The algorithms they have standardized are:

  • Module-Lattice-Based Key-Encapsulation Mechanism (ML-KEM) defined in FIPS 203.
  • Module-Lattice-Based Digital Signature (ML-DSA) defined in FIPS 204.
  • Stateless Hash-Based Digital Signature (SLH-DSA) defined in FIPS 205.

Use-Cases of each Algorithms

ML-KEM and ML-DSA are:

  • Trustworthy: The NSA has recommended them as stand-alone algorithms, although a hybrid solution with classical cryptography is possible for those wanting additional security.
  • Easy to Implement: These lattice-based algorithms require only a small amount of knowledge of linear algebra and abstract algebra to implement. Unlike FALCON, an algorithm that NIST plans on standardizing, ML-KEM and ML-DSA do not require floating-point arithmetic, which is difficult to implement securely. Unlike the stateful hash-based algorithms LMS and XMSS, none of these new algorithms require managing a state (that is, the private key does not need to be updated after each signature).
  • General Purpose: These algorithms have reasonable key sizes and are efficient, making them the favoured go-to algorithms for non-specialized applications.

SLH-DSA is:

  • Hash Function as a Building Block: This is an algorithm that researchers at InfoSec Global helped develop. The algorithm SLH-DSA uses a well-known cryptographic hash function, either SHA2 or SHAKE, as a building block. As most systems have secure implementations, and in many cases secure hardware implementations of SHA2 or SHAKE, this simplifies the code base for SLH-DSA.
  • Well-Understood Security: Unlike classical public-key cryptography, the hash functions SHA2 and SHAKE are not believed to be vulnerable to quantum attacks provided sufficiently large parameters are used. Moreover, the overall confidence in the classical and quantum security of the hash-functions SHA2 and SHAKE is transferred to SLH-DSA. Although SLH-DSA is less efficient than ML-DSA, for hardware applications that are difficult to reach and update, for example, it might be worth taking the performance penalty to implement SLH-DSA to gain the added confidence in its long-term security.

Time to Invest

An idea that computer scientist David Clark of MIT first described is that it is best to release standards after a large amount of research is completed and before large-scale adoption takes place.  

  • Research Completed Prior to Standardizaton: If a standard is written too early, then it is possible that the solution may need to be changed.
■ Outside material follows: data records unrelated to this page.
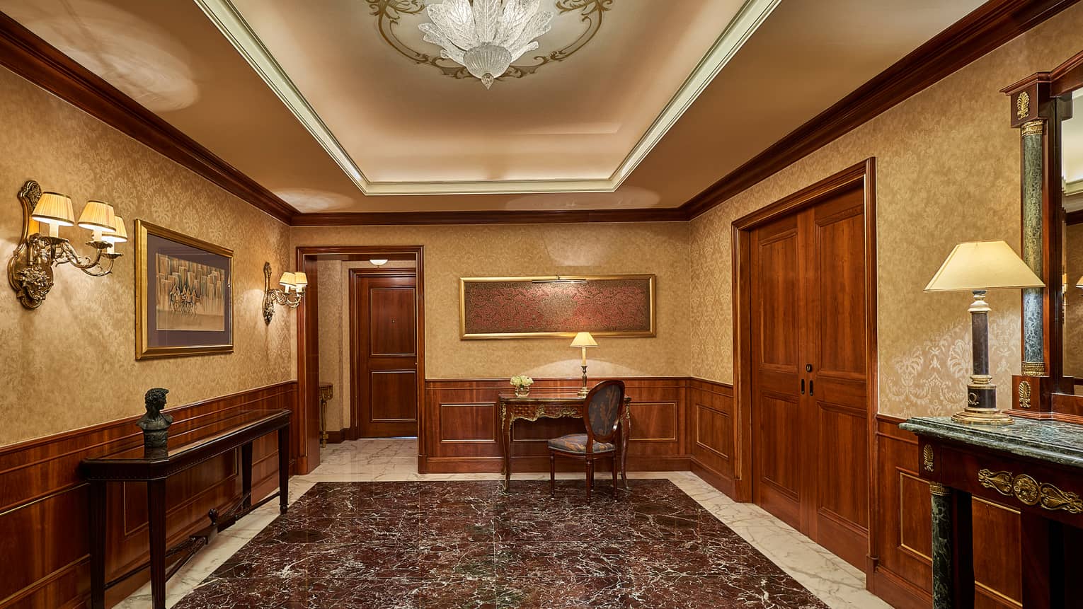اللمسات الفاخرةتضيف الأعمال الفنية الآسرة، والأثاث المنحوت بدقة، والأزهار العطرة، الدفء إلى هذه الأجنحة ذات الطراز السكني.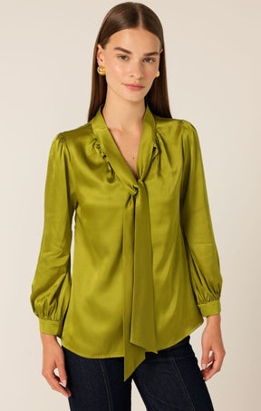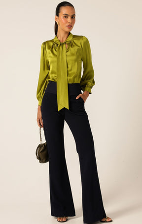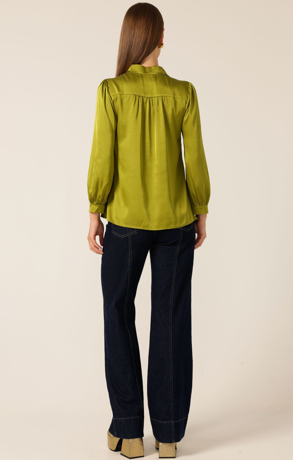 The Hatchie Blouse is timeless elegance, crafted from luxurious satin with a relaxed fit and versatile design. Featuring long bishop sleeves, a chic neck tie, and back pleat detailing for added ease, it’s perfect for work or events and can be styled tucked in or out.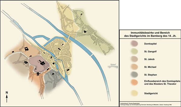 Das Stadtgericht Bamberg und die Immunitätsbezirke im 14 Jahrhundert [Stadtarchiv Bamberg, Kartenentwurf: Thomas Ruppenstein, Kartengrundlage aus Bernd Schimmelpfennig, Bamberg im Mittelalter, Lübeck/Hamburg1964]
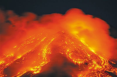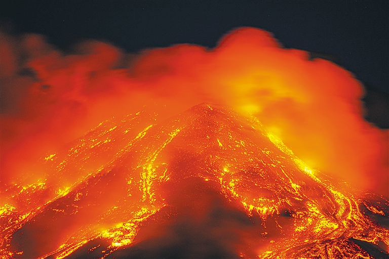 这是2月16日在意大利西西里岛拍摄的喷发中的埃特纳火山。欧洲最高活火山、位于意大利西西里岛的埃特纳火山近日再次喷发。 新华社/美联

In the case of ML-KEM, ML-DSA, and SLH-DSA, NIST decided to standardize them now, because NIST believes they are stable, well-vetted solutions. There are other PQC algorithms that are going through an additional round or even an additional process in NIST’s PQC standardization project to undergo sufficient examination before (potentially) being standarded.
  • Corporate Investment: It is difficult to start using a new type of cryptography without a standard. For cryptography to be useful, all the parties involved must use the same algorithm, including using all the same parameters. A good analogy is that all parties in a communication using the same cryptographic standards is similar to all parties in a communication sharing the same language.  Now that the standards have been finalized, everyone can start using these new algorithms without concerns about incompatibilities.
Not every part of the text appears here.